Excellent written and verbal communication skills including presentation skills.
Demonstrates flexibility in response to changing needs and competing demands.
Must Demonstrate a positive attitude.
Ability to multi task and prioritize projects effectively.
Excellent organizational skills.
Proficient in MS office applications.
Some travel required to represent company at medical conferences, presentations, and other meetings.
Self-motivated with exceptional follow through.

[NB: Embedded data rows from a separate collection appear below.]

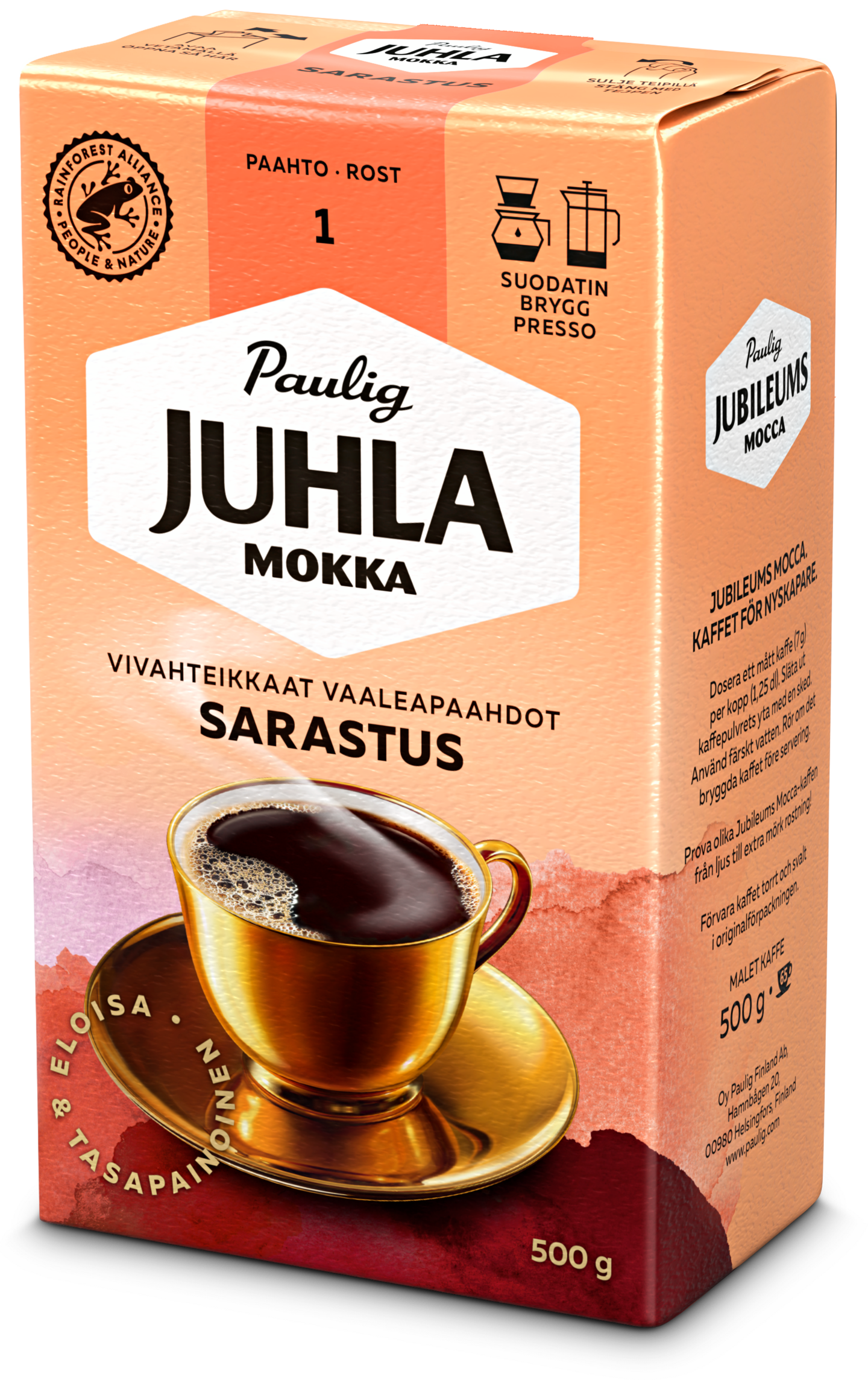 Juhla Mokka Sarastus on vivahteikas vaaleapaahtoinen kahvisekoitus hedelmäisen makeilla vivahteilla. Kahvin aromikas makumaailma on peräisin Etelä-Amerikan ja Afrikan parhaista 100 % arabica-kahvilaaduista. Eloisa ja tasapainoinen. Paahtoaste 1. Rainforest Alliance -sertifioitu.
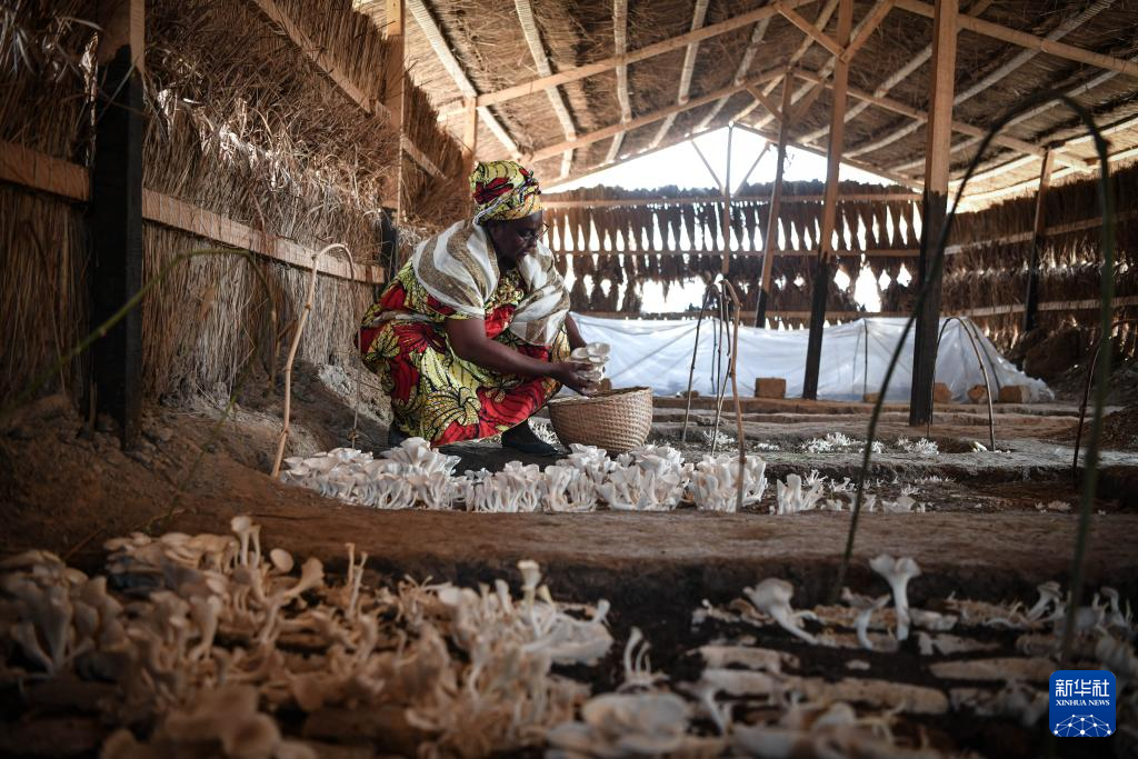 2月6日,在中非共和國達(dá)馬拉,法蒂瑪在菇棚內(nèi)收獲菌草菇。2022年,法蒂瑪在聽說中國菌草專家在班吉傳授技術(shù)后主動前往學(xué)習(xí),從一間小菌棚起步,逐漸擴(kuò)大為如今小有名氣的合作社。
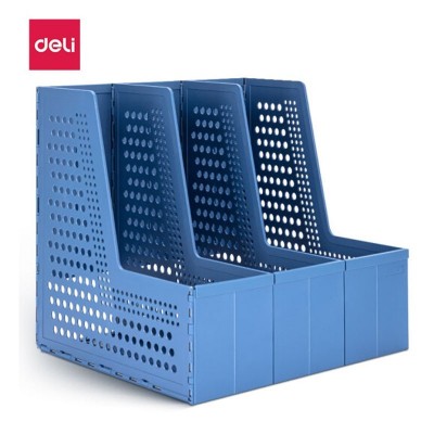 得力(deli)新型折叠三联文件框文件架 自由伸缩 深蓝79005

Effective interpersonal skills.
Celgene is committed to equal opportunity in the terms and conditions of employment for all employees and job applicants without regard to race, color, religion, sex, sexual orientation, age, gender identity or gender expression, national origin, disability or veteran status. Celgene complies with all applicable national, state and local laws governing nondiscrimination in employment as well as employment eligibility verification requirements of the Immigration and Nationality Act. All applicants must have authorization to work for Celgene in the U.S.COMMITTED TO IMPROVING THE LIVES OF PATIENTS WORLDWIDE
At Celgene, we seek to deliver truly innovative and life-changing drugs for our patients. Our vision as a company is to build a major global biopharmaceutical corporation while focusing on the discovery, the development, and the commercialization of products for the treatment of cancer and other severe, immune, inflammatory conditions.
“At Celgene, we seek to deliver truly innovative and life-changing drugs for our patients.”
There are more than 300 clinical trials at major medical centers using compounds from Celgene. Investigational compounds are being studied for patients with incurable hematological and solid tumor cancers, including multiple myeloma, myelodysplastic syndromes, chronic lymphocytic leukemia (CLL), non-Hodgkin’s lymphoma (NHL), triple-negative breast cancer and pancreatic cancer. As committed as we are to clinical accomplishment, we are equally committed to patient support, which is a guiding principle at Celgene. We believe all who can benefit from our discoveries should have the opportunity to do so. Celgene puts patients first with industry-leading programs that provide information, support and access to our innovative therapies.